The bustle got louder and more handsy, pulling him towards it.

It was immediate how secondary her concern became for her dad when she noticed Fionn caught in its middle between the three men, his school bag on his back, and a bald man in all denim staggering backwards into his front.

“Jimmy O’ Rourke,” Áine’s dad sighed to himself with a shaking head.

Her legs suddenly gravitated towards Fionn in some protective way she wished even one person in the world had for her. Her dad’s chunky arm gently pushed her back from the commotion, contradicting the thought.

“I’ll be back in a minute, alright?” He crossed just left of the green traffic lights to get a closer look.

“Dad, will you wait!” She called from the place he’d put her and from where she loyally obeyed.

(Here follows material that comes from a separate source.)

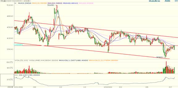 JD2009合约多次试探4000一线未果,今日大幅增仓下挫。今日鸡蛋现货市场价格普涨,鸡蛋市场期、现货价格走势背离,主要源自预期与现实的偏差,盘面高升水已经注入了季节性上涨预期,但鸡蛋市场供需偏宽松的格局短期内暂难缓解,叠加极端天气影响,现货市场反弹幅度或不及预期,令期货市场上冲信心减弱。目前南方高温高湿及暴雨天气影响鸡蛋的储存及运输,制约短期蛋价走势,而后市季节性旺季支撑,鸡蛋现货市场价格将呈现稳中回暖态势。供需预期来看,6月在产蛋鸡存栏环比下跌2.98%,高温背景下产蛋率下降,未来产蛋高峰期蛋鸡占比将有所下降,但鉴于时待淘适龄老鸡不多,整体供应充裕,随着传统的消费旺季来临,将支撑鸡蛋市场价格触底反弹,而反弹高度也将受到去产能进程缓慢的压制,或不及往年同期水平,且节日效应消退后鸡蛋市场价格仍面临阶段回调风险,相反若超淘或出货加快,则有望提振鸡蛋市场提前走出低谷期。期货市场来看,主力2009合约升水较高,基差修复阶段,期货市场仍有回调风险,背靠4000附近空单设置保护持有,反弹试空思路参与为主,8-9正套持有,后期关注物流及老鸡淘汰进度影响。

Still, something in her gut, outside of being scared, felt compelled to intervene in whatever was actually happening.

“Stay the fuck out of it,” a greasy-haired man in a puffer jacket shouted, revving to push Fionn’s dad again.

An older guy in a green work polo, stood between them with freckled arms outstretched, a sweeping brush threatening both sides.

“Is everything alright, Larry?” Áine’s father asked, his hand out of his pocket already fisted on the off-chance he might need to use it. It came as no surprise to Áine that her father also knew the owner of the betting office.

“I’ll tell ya’ Dennis, I don’t care if it’s not alright. I just want it away frommyfucking business,” Larry shouted despite standing next to Dennis by the time he’d finished.

The one who’d pushed Fionn’s dad brought up his fluffy hood and by some unexpected respect to the betting institution, continued his argument while crossing back over to Áine’s side. Jimmy followed before Fionn could grab him, his face blotched with anger and frustration.

Áine’s father looked both ways before steadily using the empty Zebra crossing to come back to her. “If it’s not Larry’s issue, it’s not mine,” he said close to her ear. “We’ll head on home.”

Áine wanted to nod, but found herself too distracted by the tightening knot in her stomach. That and the air of anger growing and growing between the men mostly occupied by flying spit.

It felt so impossible to know which way to look, causing threats of whiplash to reverberate in her achy neck.

“Dad, just fucking leave it. Please!” Fionn said, tugging on the back of his dad’s denim jacket so hard the tendons along his forearm were thick and protruding.

“Fionn?” Áine said to the surprise of no one more than herself. It wasn’t a whisper this time. It was loud and territorial. Noticing her, all the anger bunching in his shoulders seemed to dissipate into something else that made his tugging arm drop.

Pain, she thought.That’s embarrassed pain.

“Nah. Fuck this, Jimmy! I’ve given you enough time to sort it,” the man in the puffer jacket said. Then out of his pocket, he pulled a black sock. It abnormally stretched and bulged at its end where it had been knotted.

“No need for that now,” Jimmy said with surrendering hands as he retreated into a full bike rail. “I can get you the money by next week. Like I said, there’s no lies here, man. I’m good for it, yeah? I said I’m fucking good for it! Aren’t I, son?”

Áine wondered why a sock had shifted the mood into an even tenser one. Why Fionn’s anger, his embarrassment, had melted into something that made him look twelve years old. His mouth hung with heavy gasps, and she couldn’t take it anymore.

“Jesus, Áine, stay back out of it,” her dad called in a low hush, but Áine’s feet were still instinctively moving like some celestial force in contract with her heart was pulling the strings.

The man swung.

Dennis’ finger hooked the neck of her school jumper, jerking her back when the inside of the sock; the ball or rock smacked across Fionn’s head after his father dipped from the swing.

The noise of crunching contact was nearly as debilitating to Áine as it was for Fionn.